Ohnehin wird nicht geplant, die interaktiven Biografien zu einem massentauglichen Geschichtsunterricht 2.0 werden zu lassen. Der "Dialog" mit den Überlebenden muss in den Kontext eines Museums eingebettet sein, darüber ist man sich in der Shoah Foundation einig. Das gilt auch für die ersten europäischen Gehversuche, die das Projekt macht. Ende Jänner gastierte es unter dem Titel "Sprechende Erinnerungen" im Historischen Museum von Schweden in Stockholm. Die Besucher konnten sich dort, moderiert von einem Historiker des Museums, mi Eva Schloss unterhalten. Die 90-jährige, gebürtige Wienerin ist Holocaust-Überlebende und die (posthume) Stiefschwester von Anne Frank. Sie überlebte den Naziterror nur knapp – nach dem Zweiten Weltkrieg heiratete ihre Mutter den Vater von Anne Frank, Otto.

Skepsis in Österreich

Auch zur Gedenk- und Forschungsstätte Mauthausen gibt es Kontakte. Im Vorjahr hat die Foundation ihr Projekt in Österreich vorgestellt. Doch die Skepsis österreichischer Zeitgeschichteexperten ist groß – in Deutschland ist die Reaktion ähnlich. Die Kritik entzünde sich vor allem daran, dass mit den 3D-Dialogen "eine Realität simuliert wird, die es so nicht mehr gibt, wenn die Zeitzeugen einmal nicht mehr leben", sagt Barbara Glück, die Leiterin des Mauthausen-Memorials. Dazu kommen der hohe zeitliche Aufwand und die angenommenen Kosten eines solchen Projekts. Außerdem müsste man die Interviews noch um spezifische Fragen erweitern, die österreichische Schüler interessieren können, sagt auch Karen Jungblut von der Shoah Foundation: "Man kann die Fragen nicht nur übersetzen." Im Lichte aktueller politischer Debatten wären das dann wohl auch Fragen bezüglich Kopftuch, Islam oder – klassisch, beim Thema: "Was empfinden Sie heute gegenüber Österreichern/Deutschen?" – um einige Beispiele zu nennen.

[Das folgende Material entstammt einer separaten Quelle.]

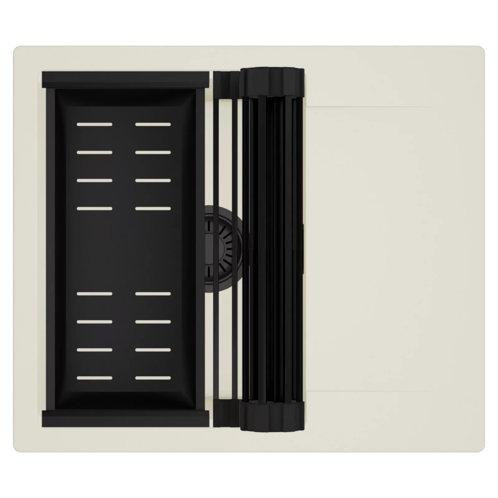 HD Onyx White 58 egymedencés mosogatótálca szett, csepegtetőráccsal és kosárral, tört fehér

Dies wiederum findet Mauthausen-Memorial-Chefin Glück interessant. Denn es sei ohnehin State of the Art der Geschichtsvermittlung, den jugendlichen Besuchern der Gedenkstätte eine wichtige Frage mitzugeben: "Was hat das alles, was vor fast 80 Jahren passiert ist, mit mir zu tun?" Auf der Vermittlungsebene müsse man viele neue Wege gehen, damit das Thema auch für nachfolgende Generationen brisant und relevant bleibe. Ein Audioguide, der in zwölf verschiedenen Sprachen durch die Gedenkstätte führt, ist ein Schritt, der weitere Ausbau multimedialer und interaktiver Informationsangebote ein nächster. Ob irgendwann Mauthausen-Überlebende in 3D interaktiv mit Besuchern diskutieren werden auf eine Weise, wie sie auch Steven Spielberg gefallen würde? Glück: "Es gibt bisher zu wenige Erfahrungen damit. Aber wir sind vorsichtig offen." (Petra Stuiber, 3.3.2019)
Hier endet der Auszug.